Bahrudin Hrnjica edited this page Nov 23, 2018 · 7 revisions

Simple said, data normalization is set of tasks which transform values of any feature in a data set into predefined number range. Usually this range is [-1,1] , [0,1] or some other specific ranges. Data normalization plays very important role in ML, since it can dramatically improve the training process, and simplify settings of network parameters.

There are two main types of data normalization:

  • MinMax normalization - which transforms all values into range of [0,1],
  • Gauss Normalization or Z score normalization, which transforms the value in such a way that the average value is zero, and standard deviation is 1.

Beside those types there are plenty of other methods which can be used. Usually those two are used when the size of the data set is known, otherwise we should use some of the other methods, like log scaling, dividing every value with some constant, etc. But why data need to be normalized? This is essential question in ML, and the simplest answer is to provide the equal influence to all features to change the output label. More about data normalization and scaling can be found on this:link.

As can be observed, the Normalization layer is placed between input and first hidden layer.
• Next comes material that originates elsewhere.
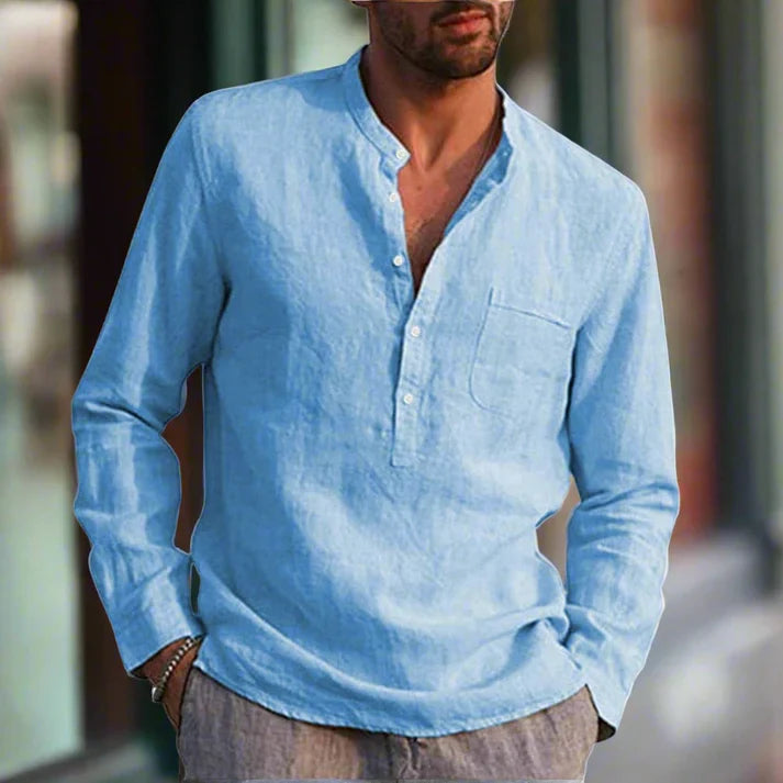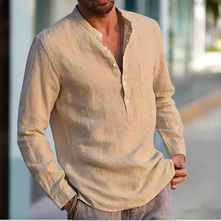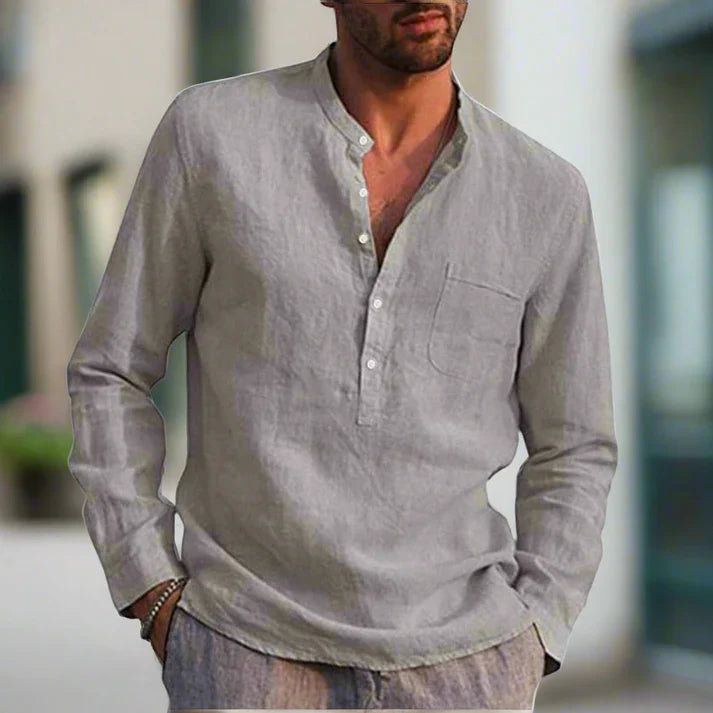 Het Napoli Shirt is de perfecte combinatie van comfort en verfijnde eenvoud. Gemaakt van lichtgewicht linnen straalt dit overhemd een nonchalante elegantie uit, ideaal voor warme dagen of een ontspannen avondlook. De relaxte pasvorm en subtiele details, zoals de opstaande kraag en knoopsluiting, geven het shirt een moderne, tijdloze uitstraling.

Also the Normalization layer contains the same neurons as input layer and produced the output with the same dimension as the input layer.

In order to implement Normalization layer, the following requirements must be met:

  • calculate average \mu

  • and standard deviation \sigma

  • in training data set as well find maximum and minimum value of each feature.
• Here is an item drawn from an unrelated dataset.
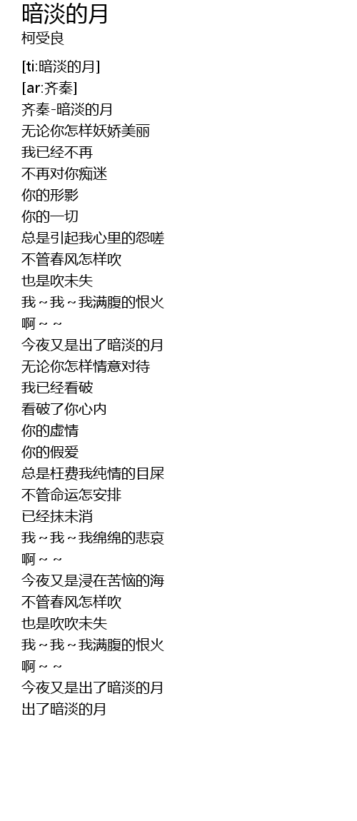 | [00:02.278] | 齐秦-暗淡的月 |

  • this must be done prior to neural network model creation, since we need those values in the normalization layer.

  • within network model creation, the normalization layer should be define after input layer is defined.
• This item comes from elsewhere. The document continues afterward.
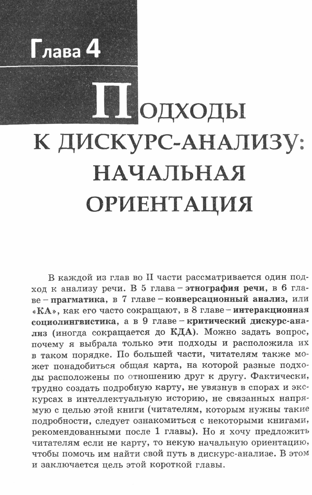 Книга содержит, помимо теоретического материала, примеры фрагментов речи с подробным пояснением методик анализа, и практические упражнения. Важный момент - ссылка на современных исследователей в рамках ключевых методов (конверсационный, прагматический анализ, КДА и т.д.) и на их классические работы.

Calculation of mean and standard deviation for training data set

Before network creation, we should prepare mean and standard deviation parameters which will be used in the Normalization layer as constants. Hopefully, the CNTK has the static method in the Minibatch source class for this purpose MinibatchSource.ComputeInputPerDimMeansAndInvStdDevs. The method takes the whole training data set defined in the minibatch and calculate the parameters.

//calculate mean and std for the minibatchsource
// prepare the training data
var d = new DictionaryNDArrayView, NDArrayView\>\>();
using (var mbs = MinibatchSource.TextFormatMinibatchSource(
trainingDataPath , streamConfig, MinibatchSource.FullDataSweep,false))
{
 d.Add(mbs.StreamInfo("feature"), new Tuple(null, null));
 //compute mean and standard deviation of the population for inputs variables
 MinibatchSource.ComputeInputPerDimMeansAndInvStdDevs(mbs, d, device);
}

Now that we have average and std values for each feature, we can create network with normalization layer. ANNdotNET library supports multiple group of features. For example, the input variables can consist of categorical and numerical features. In case of categorical features, normalization should not be applied,so normalization layer should be created only for numerical group of features.

The following example shows two groups of features Item and Sale. |Item 1 0 0 0 0 0 0 0 0 0 |Sale 18 10 14 6 5 18 14 6 4 19 12 20 19 12 2 6 16 9 13 10 2 5 5 5 6 6 10 9 12 4 |item_cnt 3

As can be seen we have Item which is typical categorical variable represented with One-Hot encoding vector, and Sale features which is numerical group of features.

The MLConfig file should be defined as:

  • features:|Item 10 0 |Sale 30 0
  • labels:|item_cnt 1 0

Based on the above sample, we should define normalization only for Sale feature. So, the training parameters may be defined as:

training: |Type:default|BatchSize: 480|Normalization:Sale|Epochs:1000|SaveWhileTraining: 1|RandomizeBatch: 1|ProgressFrequency: 1|FullTrainingSetEval:1

As can be seen Normalization contains only features group which is numerical.For example in case there are two numerical features group Sales and Prices,normalization would be defined as: |Normalization:Sale;Prices.

Note: features group are separated with semicolon.